What to work on: From the entries below, copy exactly the lines from the one that contains "LEVEL ORGANIC VAPORS" through the one that contains "NMA President making", both included, and only those.

===== The records =====

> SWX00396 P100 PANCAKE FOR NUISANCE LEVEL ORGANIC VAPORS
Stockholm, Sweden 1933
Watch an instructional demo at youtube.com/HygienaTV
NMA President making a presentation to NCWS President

=====
===== The records =====

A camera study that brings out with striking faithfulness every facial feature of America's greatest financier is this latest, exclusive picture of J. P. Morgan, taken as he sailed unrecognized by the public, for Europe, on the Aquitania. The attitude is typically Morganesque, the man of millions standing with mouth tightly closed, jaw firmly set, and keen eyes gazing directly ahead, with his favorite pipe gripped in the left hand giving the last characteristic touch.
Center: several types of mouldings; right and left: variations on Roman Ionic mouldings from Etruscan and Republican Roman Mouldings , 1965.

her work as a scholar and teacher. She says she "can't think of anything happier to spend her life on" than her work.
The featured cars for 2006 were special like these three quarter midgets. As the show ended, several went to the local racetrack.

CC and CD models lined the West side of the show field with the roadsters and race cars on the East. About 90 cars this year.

=====
===== The records =====

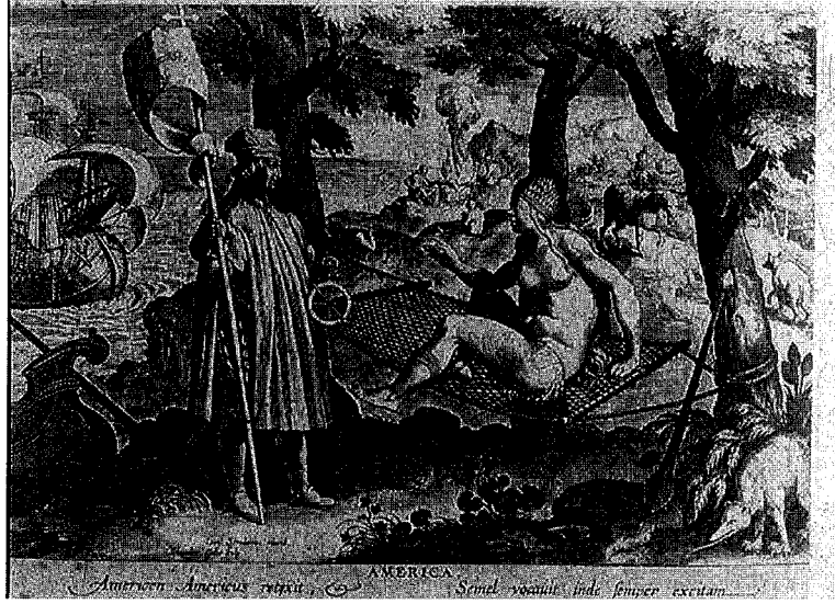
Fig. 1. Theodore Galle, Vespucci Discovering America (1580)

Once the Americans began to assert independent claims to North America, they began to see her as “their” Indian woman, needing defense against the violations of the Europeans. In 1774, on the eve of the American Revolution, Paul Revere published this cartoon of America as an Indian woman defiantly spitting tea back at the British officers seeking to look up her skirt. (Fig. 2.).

=====

Response to the task:
> SWX00396 P100 PANCAKE FOR NUISANCE LEVEL ORGANIC VAPORS
Stockholm, Sweden 1933
Watch an instructional demo at youtube.com/HygienaTV
NMA President making a presentation to NCWS President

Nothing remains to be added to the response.